What Does Full FDA Approval Mean for Patient Access?

The transition from accelerated to full traditional approval is expected to significantly expand patient access. Under accelerated approval, the Centers for Medicare and Medicaid Services (CMS) had imposed a coverage with evidence development (CED) requirement, limiting Medicare reimbursement to patients enrolled in qualifying clinical registries — a framework previously applied to lecanemab. With full approval, CMS is expected to issue a revised National Coverage Determination removing the registry requirement and allowing standard Part B coverage for eligible patients, as it did when lecanemab received full approval in 2023.

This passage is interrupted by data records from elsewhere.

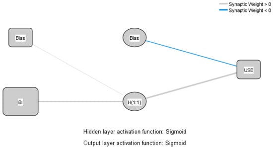 The first stage of this study applied PLS-SEM to test the correlations and determine the factors influencing students’ chatbot adoption in the HEI context. The ANN analysis approach was used in the second stage to rank the factors affecting chatbot adoption. This study chose the ANN because, as previously reported [4,43,47], it outperforms more conventional statistical tools such as multiple linear regression, binary logistics regression, and SEM in detecting both linear and nonlinear relationships. An input layer, one or more hidden layers, and an output layer are typical neural network components. The sigmoid function was used as the activation function for the output and hidden neurons. The sigmoid function was used as the activation function for the output and hidden neurons.
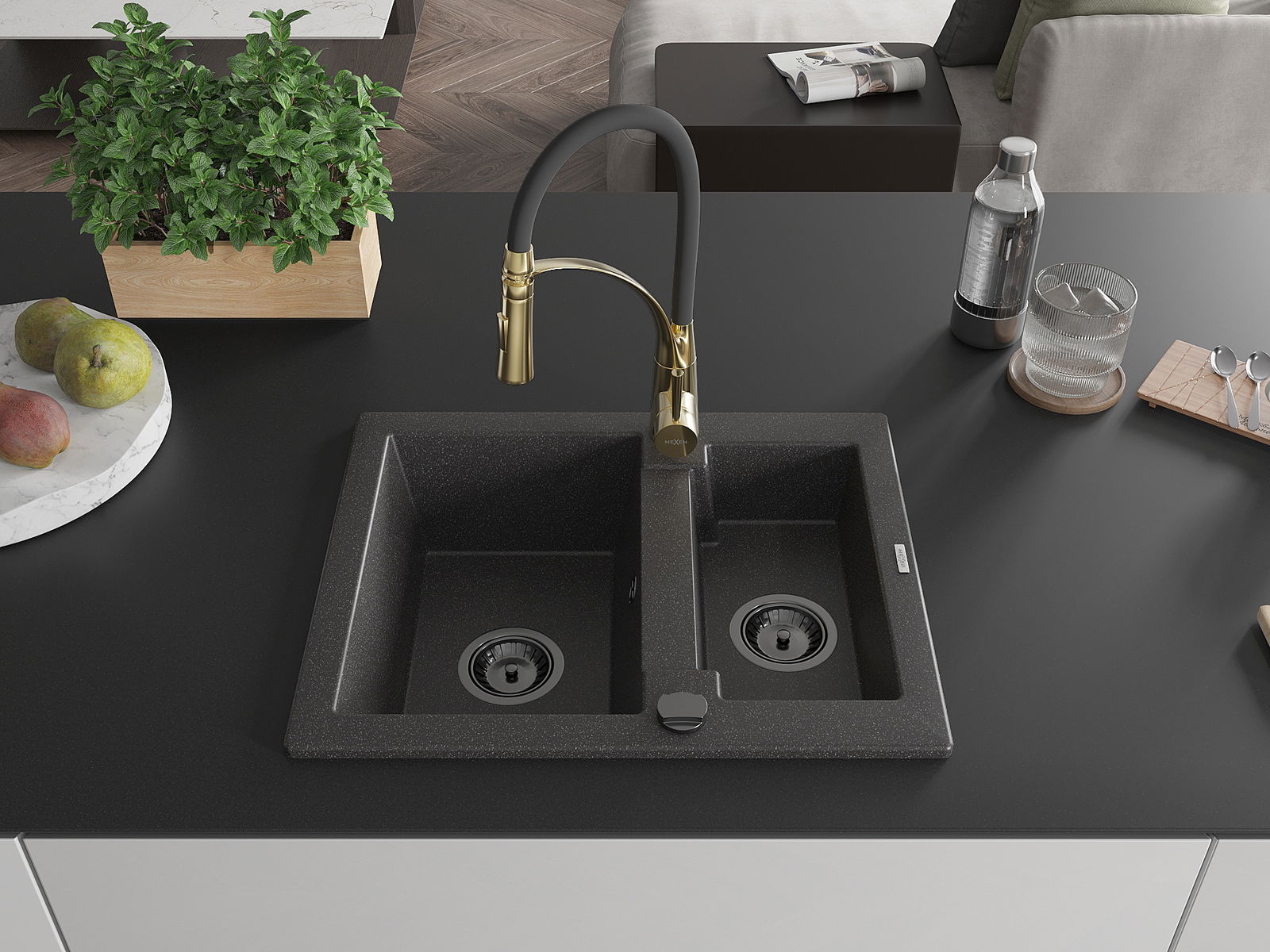 Mexen Carlos 1.5-bowl granite sink with Aster kitchen tap, black speckled - 6518-76-73450-57-B
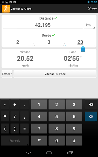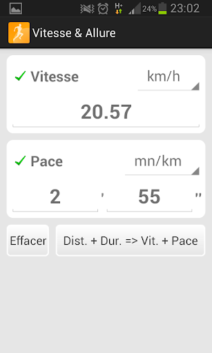 Cette app peut être utilisée pour le calcul la vitesse ou de l'allure (pace) de course à pied mais aussi vélo, aviron, échasses, course de sac a patate...
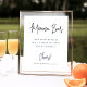 Termine su boda o ducha en el bar mimosa con este sencillo y elegante cartel con ricas letras negras de ceniza sobre un fondo blanco y fresco. "Mimosa Bar" o la cabecera de su personalizado aparece en la parte superior de la letra manuscrita moderna. Personalice con instrucciones breves, "Saludos", y sus nombres y/o fecha de evento debajo.
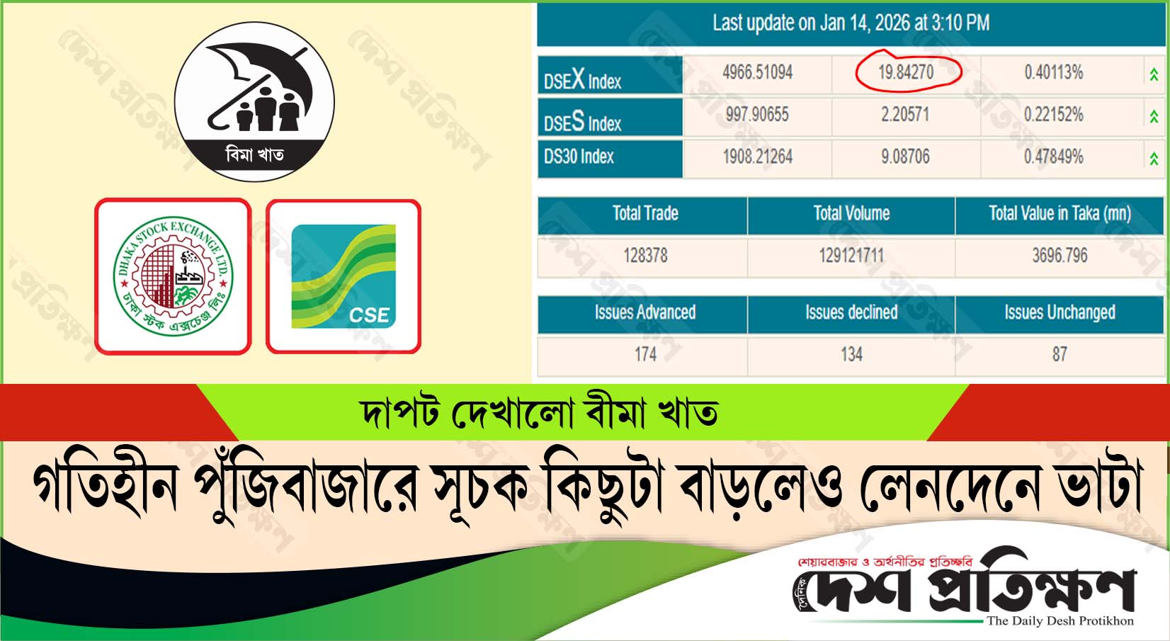 গতিহীন পুঁজিবাজারে সূচক কিছুটা বাড়লেও লেনদেনে ভাটা, দাপট বীমা খাতের

Eli Lilly set the wholesale acquisition cost at approximately $32,000 per year of treatment when Kisunla first launched in 2024. The time-limited dosing regimen potentially reduces total per-patient treatment costs compared to indefinite therapies. Major private insurers are expected to broaden coverage following full approval. The Alzheimer's Association estimates that over 6.9 million Americans are living with Alzheimer's disease, though the number eligible for anti-amyloid therapy is considerably smaller, limited to those with early symptomatic disease and confirmed amyloid pathology.